Entry Date:
November 23, 2016

A Collaborative Dataset Management Platform for Data Science

Principal Investigator Samuel Madden

Project Start Date September 2015

Project End Date
 August 2018


The rise of the Internet, smart phones, and wireless sensors has resulted in a vast trove of data about all aspects of our lives, from our social interactions to our personal preferences to our vital signs and medical records. Increasingly, "data science" teams want to collaboratively analyze these datasets, to understand trends and to extract actionable business, scientific, or social insights. Unfortunately, while there exist tools to support data analysis, much-needed underlying infrastructure and data management capabilities are missing. To this end, "DataHub", a collaborative platform for cleaning, storing, understanding, sharing, and publishing datasets, will be developed. DataHub will be a publicly accessible platform that will host private user datasets as well as public datasets retrieved from online sources. DataHub will serve as the common substrate for data science, freeing up end users from tedious dataset book-keeping tasks, and instead supporting them in their search for useful insights. DataHub will be deployed on a large scale at MIT; partnerships with organizations and groups from a variety of sectors will be leveraged upon to show benefits for real data scientists and to ensure that the proposed techniques meet real-world big data challenges. The curriculum development part of this project will lead to the training of new data scientists, and the project will also provide opportunities for graduate and undergraduate students to participate in research and learn how to do collaborative research.

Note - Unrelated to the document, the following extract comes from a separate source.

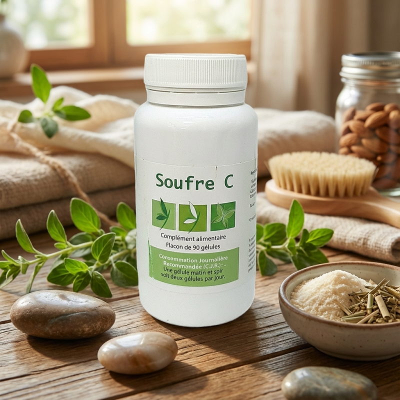 • Cohésion des tissus : Une cure de SOUFRE C permet de rétablir la "colle" biologique de l'organisme. Cela se traduit par une peau plus souple, des cheveux moins cassants et des ongles moins dédoublés.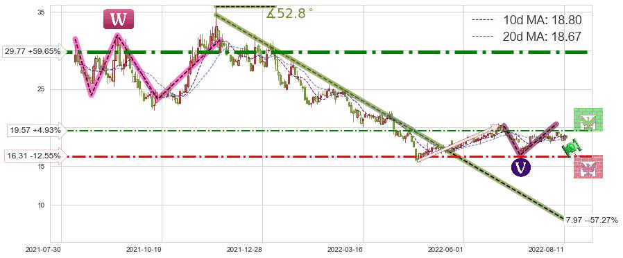 ♘ 阻力价格位19.57,可信任强度44.88%,距离最后交易2022-08-12形成的收盘价格18.65相差 +4.93%

Unlike most systems that focus on improving performance or on supporting even more sophisticated analyses, DataHub will instead focus on simplifying and automating many fundamental book-keeping operations that are a pre-requisite to data science. Key features of DataHub will include: (1) a flexible, source code control-like versioning system for data, that efficiently branches, merges, and differences datasets; (2) new data ingest, cleaning, and wrangling tools designed to automate data cleaning process; (3) the ability to search for "related" tables and to integrate them into the analysis process; and (4) the ability to selectively share and collaborate on data sets across users and teams. Overall, DataHub will significantly reduce the amount of effort involved on the part of data scientists for preparing, analyzing, sharing, and managing data.